Sometimes, cooperation is not difficult due to willingness, but due to the lack of a trust foundation. When users are unsure of others' behaviors, they tend to revert to more conservative choices. This is the fundamental difference between the Prisoner's Dilemma and the Stag Hunt Game: the former worries that others will "run away first," while the latter worries that no one is "willing to join." Both make cooperation difficult, even when everyone knows that cooperation is better.
CyberCharge attempts to break this dilemma. Through clear rhythm guidance and a stable reward structure, it reduces users' hesitation between "staying" and "leaving." Whether to choose to continue participating, feeding the dog, or nurturing depends on whether users believe that everyone will continue to play. If this trust is established, the entire ecosystem will become active, and feedback will stabilize. Conversely, if most people pursue short-term gains, the system's rhythm will be disrupted, and long-term behaviors will be difficult to maintain.
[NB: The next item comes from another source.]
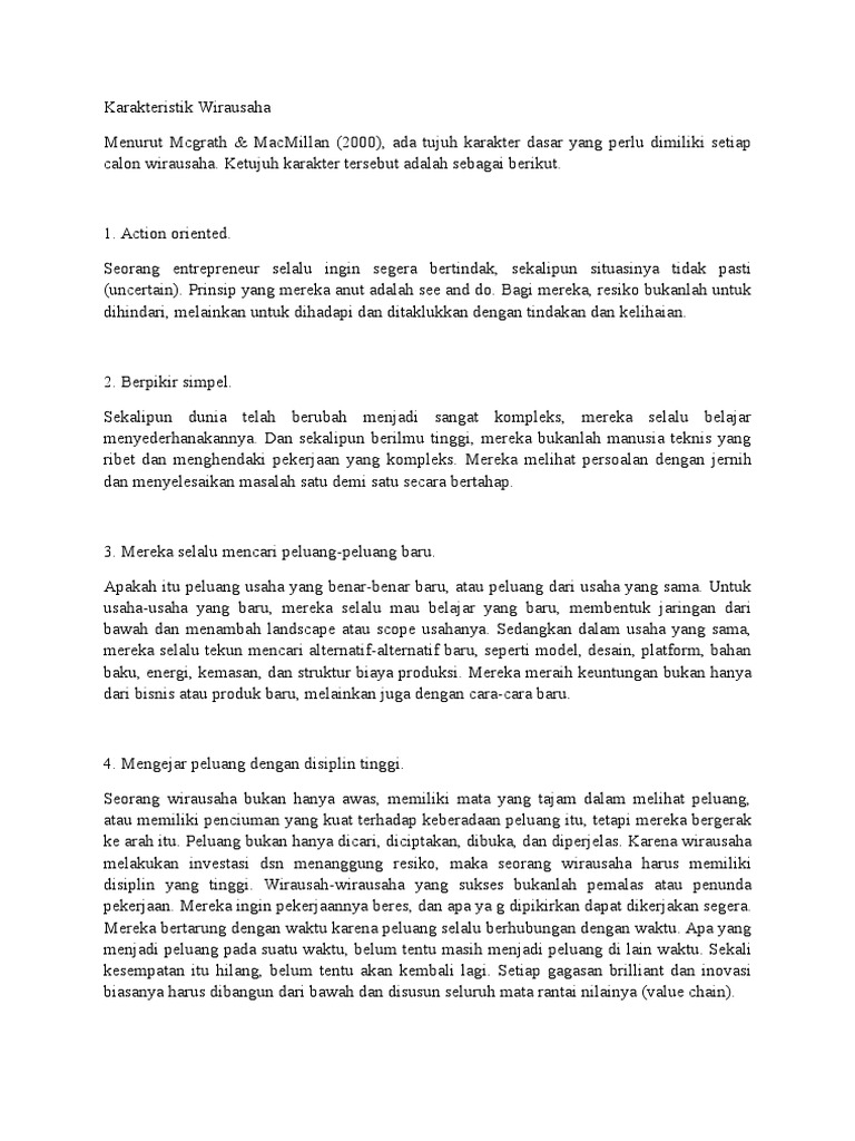 Karakteristik Wirausaha Menurut McGraith Mac Milan 2000 ada tujuh karakter dasar yang perlu dimiliki setiap calon wirausaha Entrepreneur. Seorang entrepreneur selalu ingin segera bertindak sekalipun situasinya tidak pasti uncertain. Karakteristik Wirausaha Menurut McGraith Mac Milan 2000 ada tujuh karakter dasar yang perlu dimiliki wirausaha.

From Strategic Games to System Consensus: Behavior ≠ Task, Incentives ≠ Airdrops

Ultimately, what CyberCharge aims to achieve is not merely to have users "charge and check in," but to build an ecosystem where strategic behaviors naturally sediment. In traditional Web3 products, incentives are often linear, where completing tasks yields rewards. However, this "task-based game" often only brings short-term traffic and fails to cultivate long-term strategic behaviors.
In CyberCharge, the value of behavior does not come from "completion or not," but from the feedback it generates within the system. In other words:

• One charge may not be worth much; but the stable behavioral rhythm developed from ten charges and feeding the dog is what the system truly recognizes.
• The feedback from strategies is not immediate rewards but is released later in the form of growth, levels, and a sense of participation.
• What ultimately forms is an "incentive structure guiding behavioral rhythms," rather than task goals inducing users to click.

Therefore, CyberCharge is more like a game sandbox, an experimental field that continuously adjusts rules, observes behaviors, and provides feedback incentives. Those who can truly survive and benefit in this system are not the fastest "brick-moving players," but the most rational in strategy, the most stable in rhythm, and the most long-term in trust builders.